■ Given information ■
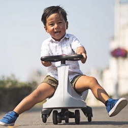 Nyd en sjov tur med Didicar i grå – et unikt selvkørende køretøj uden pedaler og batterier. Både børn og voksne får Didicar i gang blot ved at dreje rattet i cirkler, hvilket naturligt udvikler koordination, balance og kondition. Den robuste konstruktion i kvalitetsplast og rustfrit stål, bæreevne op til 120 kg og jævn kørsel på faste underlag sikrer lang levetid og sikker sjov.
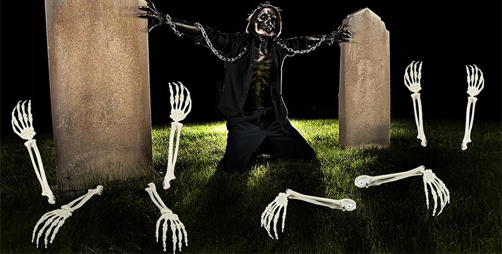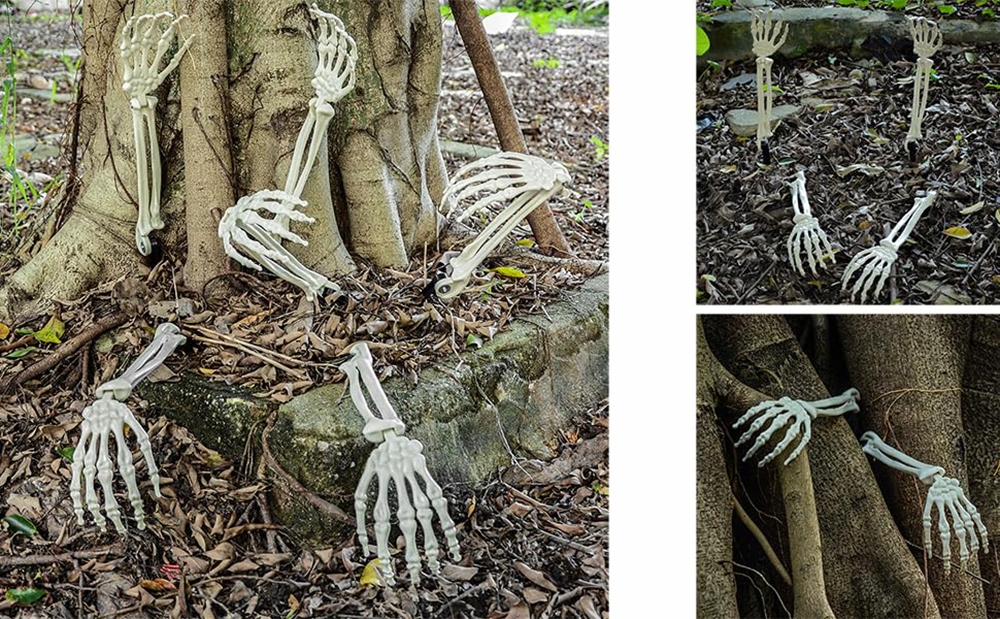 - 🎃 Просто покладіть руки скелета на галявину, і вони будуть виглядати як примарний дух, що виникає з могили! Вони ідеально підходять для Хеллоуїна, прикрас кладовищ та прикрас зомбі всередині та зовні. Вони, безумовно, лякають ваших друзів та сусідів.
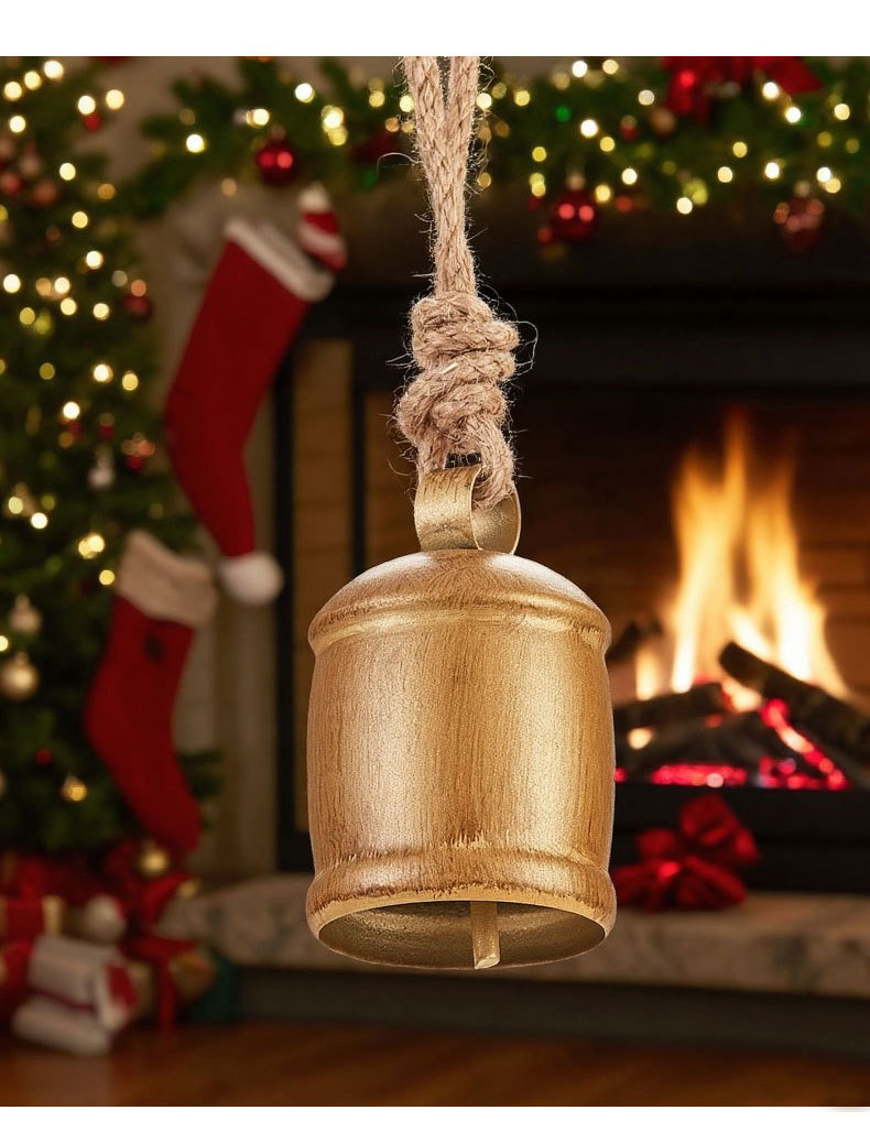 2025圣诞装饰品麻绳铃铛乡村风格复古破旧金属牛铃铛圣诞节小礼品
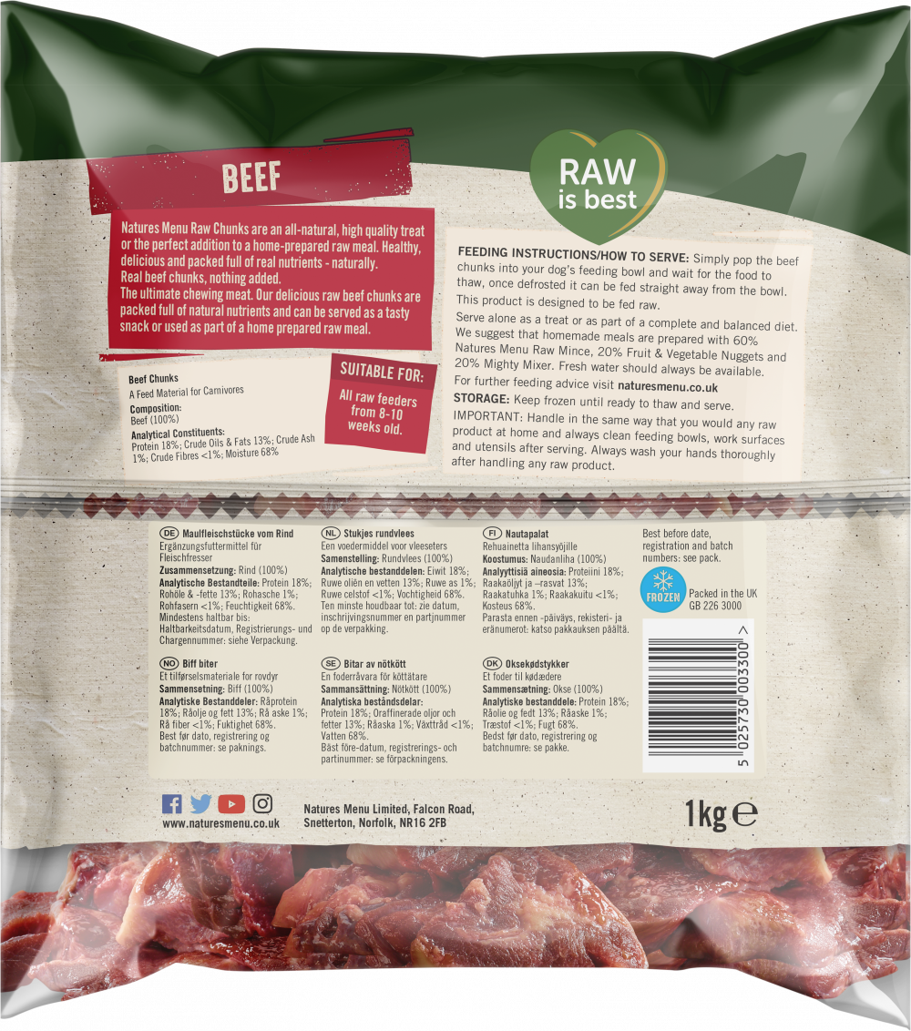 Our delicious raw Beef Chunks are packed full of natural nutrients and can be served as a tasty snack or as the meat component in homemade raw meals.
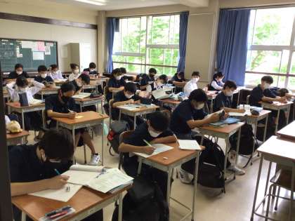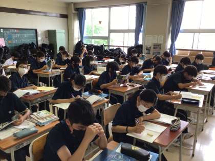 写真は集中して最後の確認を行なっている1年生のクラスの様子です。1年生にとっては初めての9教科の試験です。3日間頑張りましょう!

--

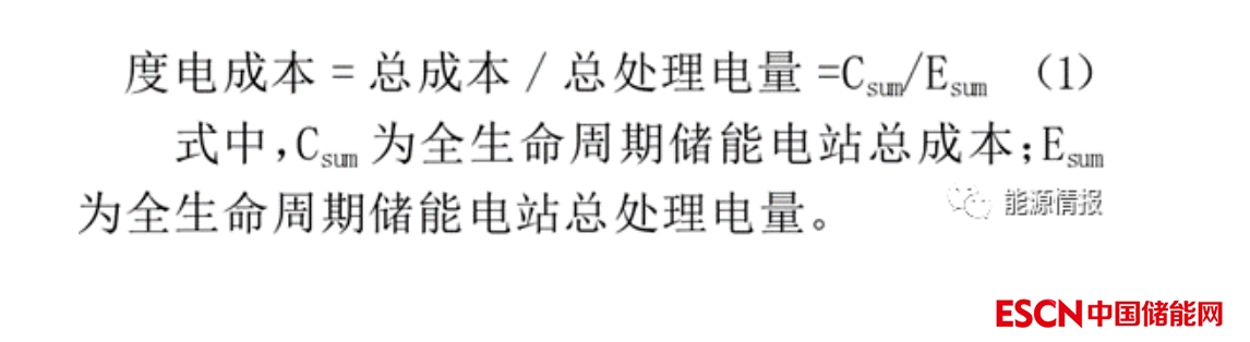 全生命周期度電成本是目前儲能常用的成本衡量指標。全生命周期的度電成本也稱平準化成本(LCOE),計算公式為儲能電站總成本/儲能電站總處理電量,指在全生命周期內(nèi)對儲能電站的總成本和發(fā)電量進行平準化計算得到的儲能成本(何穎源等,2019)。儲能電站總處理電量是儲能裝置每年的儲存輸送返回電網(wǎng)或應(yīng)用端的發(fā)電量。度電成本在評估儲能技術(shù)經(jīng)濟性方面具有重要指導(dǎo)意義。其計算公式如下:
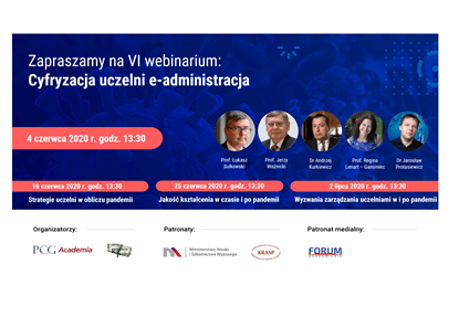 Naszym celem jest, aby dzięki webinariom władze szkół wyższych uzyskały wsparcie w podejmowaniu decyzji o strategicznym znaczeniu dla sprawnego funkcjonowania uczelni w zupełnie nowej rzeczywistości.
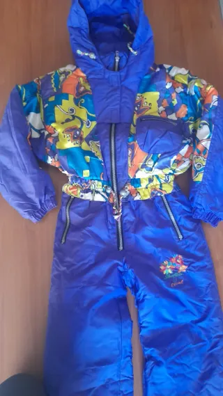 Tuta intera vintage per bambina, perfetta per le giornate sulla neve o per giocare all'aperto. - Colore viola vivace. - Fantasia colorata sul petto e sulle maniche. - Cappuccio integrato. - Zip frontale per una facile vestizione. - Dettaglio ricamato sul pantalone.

■ What is expected ■
In the listing above, find the line containing "全生命周期度電成本是目前儲能". Output it and every line after it up to and including the line containing "Tuta intera vintage", exactly, but skip the pictures.

■ Response area ■
 全生命周期度電成本是目前儲能常用的成本衡量指標。全生命周期的度電成本也稱平準化成本(LCOE),計算公式為儲能電站總成本/儲能電站總處理電量,指在全生命周期內(nèi)對儲能電站的總成本和發(fā)電量進行平準化計算得到的儲能成本(何穎源等,2019)。儲能電站總處理電量是儲能裝置每年的儲存輸送返回電網(wǎng)或應(yīng)用端的發(fā)電量。度電成本在評估儲能技術(shù)經(jīng)濟性方面具有重要指導(dǎo)意義。其計算公式如下:
 Naszym celem jest, aby dzięki webinariom władze szkół wyższych uzyskały wsparcie w podejmowaniu decyzji o strategicznym znaczeniu dla sprawnego funkcjonowania uczelni w zupełnie nowej rzeczywistości.
 Tuta intera vintage per bambina, perfetta per le giornate sulla neve o per giocare all'aperto. - Colore viola vivace. - Fantasia colorata sul petto e sulle maniche. - Cappuccio integrato. - Zip frontale per una facile vestizione. - Dettaglio ricamato sul pantalone.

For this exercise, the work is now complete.